## [ASSIGNMENT]
Would you restate all of the entries verbatim, minus any images?

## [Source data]
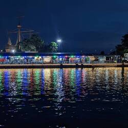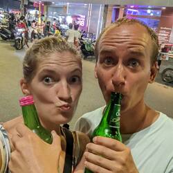 In der Dämmerung ging es über die Walking Street bis an den Hafen. Hier mussten wir erstmal eine Straße überqueren, bevor wir die tolle Skyline fotografieren konnten. Die Roller halten hier nicht bei rot, gut das wir schon Übung haben in diesem Verkehr. Nämlich schon ca. 100 Tage. Darauf stoßen wir mit einem Tiger an, passenderweise hatte der Tisch Währungen von verschiedenen Ländern drauf. Einige davon haben wir auch schon gesammelt. 😁Read more
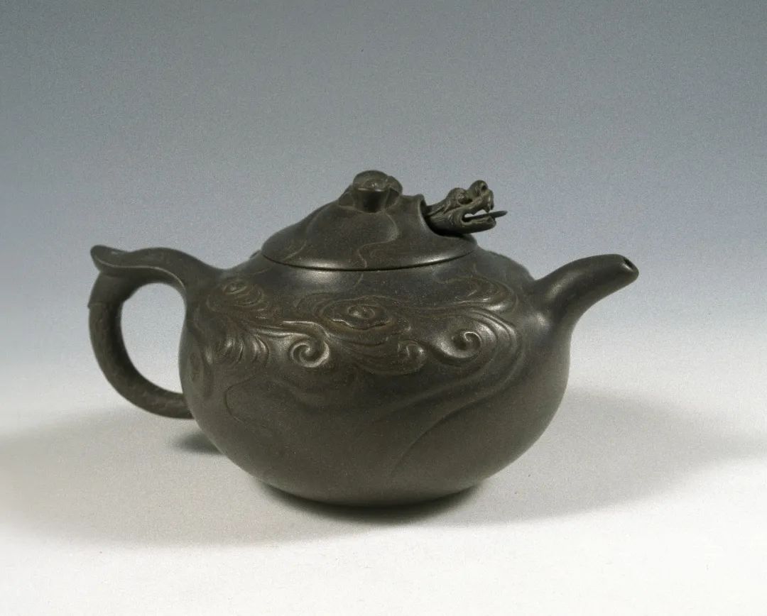 Green clay pot with dragon and cloud patterns made by Zhu Kexin, Republic of China (1911-1949), from the collection of the Nanjing Museum [Photo/Official WeChat account of the Huai’an Museum]
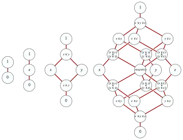 - Dado un entero positivo n, el conjunto de todos los divisores positivos de n, con el máximo común divisor y el mínimo común múltiplo como meet y join, respectivamente. Esta es un álgebra booleana sí y sólo si n es un entero libre de cuadrados.
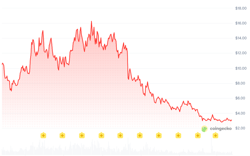Render Network是AI计算热潮中最清晰的基础设施标的。该协议连接GPU所有者与需要AI推理、3D动画和机器学习算力的创作者及开发者,本质上是云计算巨头的去中心化替代方案。随着AI模型训练和推理需求持续攀升,分布式GPU市场的优势日益凸显。
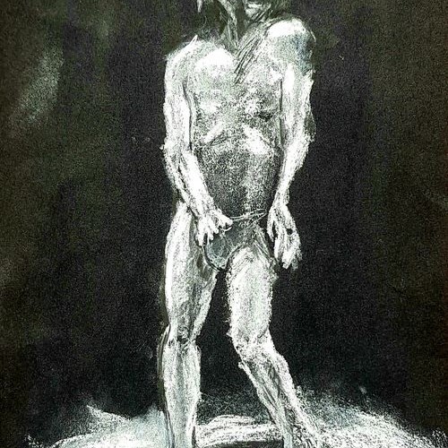 Conte blanc on black paper. Hopefully the first of a series depicting the Japanese dance form Butoh.
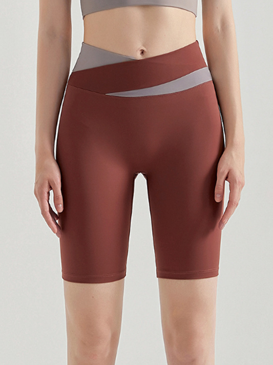 Pantalon de fitness taille haute assorti aux couleurs pour femmes, pantalon de sport respirant à séchage rapide et à haute élasticité, pantalon à cinq points, pantalon de yoga à bascule, short QN117
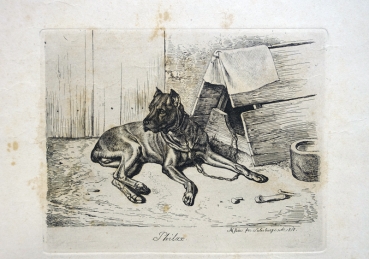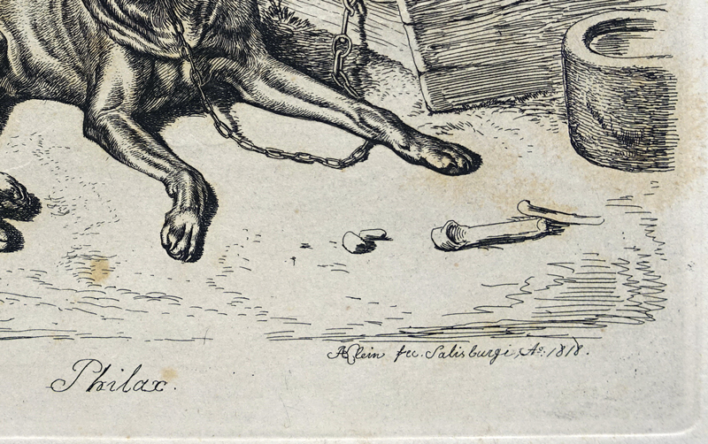 Johann Adam Klein (1792 Nürnberg – 1875 München) Radierer, Maler und Lithograph. Klein nahm im Alter von 8 Jahren Zeichenunterricht bei Georg Christoph Bemmel, besuchte 1802 die Nürnberger Zeichenschule unter G. Ph. Zwinger, wo er nach Preisler‘schen Vorlagen und nach Stichen von J. E. Ridinger kopierte. 1805 kam er zu dem Kupferstecher Ambrosius Gabler in die Lehre, der ihn nach Antiken u. nach holländischen Radierungen des 17. Jhs. zeichnen und radieren ließ und in der Lithographie unterwies. Auch unternahm Gabler mit seinen Schülern Wanderungen in die Umgebung Nürnbergs, um sie zum fleißigen Studium der Natur anzuregen.
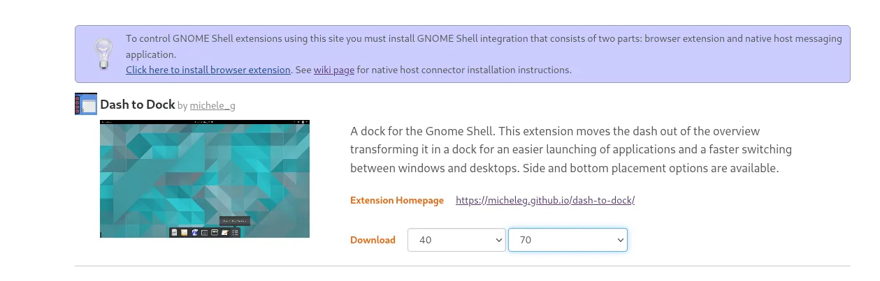Dash to Dock v70 增加了对 GNOME 40 的支持,并放弃了对较旧版本的 GNOME Shell 的支持。但是,你可以继续使用旧版本。

## [RESPONSE TO THE TASK]
 In der Dämmerung ging es über die Walking Street bis an den Hafen. Hier mussten wir erstmal eine Straße überqueren, bevor wir die tolle Skyline fotografieren konnten. Die Roller halten hier nicht bei rot, gut das wir schon Übung haben in diesem Verkehr. Nämlich schon ca. 100 Tage. Darauf stoßen wir mit einem Tiger an, passenderweise hatte der Tisch Währungen von verschiedenen Ländern drauf. Einige davon haben wir auch schon gesammelt. 😁Read more
 Green clay pot with dragon and cloud patterns made by Zhu Kexin, Republic of China (1911-1949), from the collection of the Nanjing Museum [Photo/Official WeChat account of the Huai’an Museum]
 - Dado un entero positivo n, el conjunto de todos los divisores positivos de n, con el máximo común divisor y el mínimo común múltiplo como meet y join, respectivamente. Esta es un álgebra booleana sí y sólo si n es un entero libre de cuadrados.
Render Network是AI计算热潮中最清晰的基础设施标的。该协议连接GPU所有者与需要AI推理、3D动画和机器学习算力的创作者及开发者,本质上是云计算巨头的去中心化替代方案。随着AI模型训练和推理需求持续攀升,分布式GPU市场的优势日益凸显。
 Conte blanc on black paper. Hopefully the first of a series depicting the Japanese dance form Butoh.
 Pantalon de fitness taille haute assorti aux couleurs pour femmes, pantalon de sport respirant à séchage rapide et à haute élasticité, pantalon à cinq points, pantalon de yoga à bascule, short QN117
 Johann Adam Klein (1792 Nürnberg – 1875 München) Radierer, Maler und Lithograph. Klein nahm im Alter von 8 Jahren Zeichenunterricht bei Georg Christoph Bemmel, besuchte 1802 die Nürnberger Zeichenschule unter G. Ph. Zwinger, wo er nach Preisler‘schen Vorlagen und nach Stichen von J. E. Ridinger kopierte. 1805 kam er zu dem Kupferstecher Ambrosius Gabler in die Lehre, der ihn nach Antiken u. nach holländischen Radierungen des 17. Jhs. zeichnen und radieren ließ und in der Lithographie unterwies. Auch unternahm Gabler mit seinen Schülern Wanderungen in die Umgebung Nürnbergs, um sie zum fleißigen Studium der Natur anzuregen.
Dash to Dock v70 增加了对 GNOME 40 的支持,并放弃了对较旧版本的 GNOME Shell 的支持。但是,你可以继续使用旧版本。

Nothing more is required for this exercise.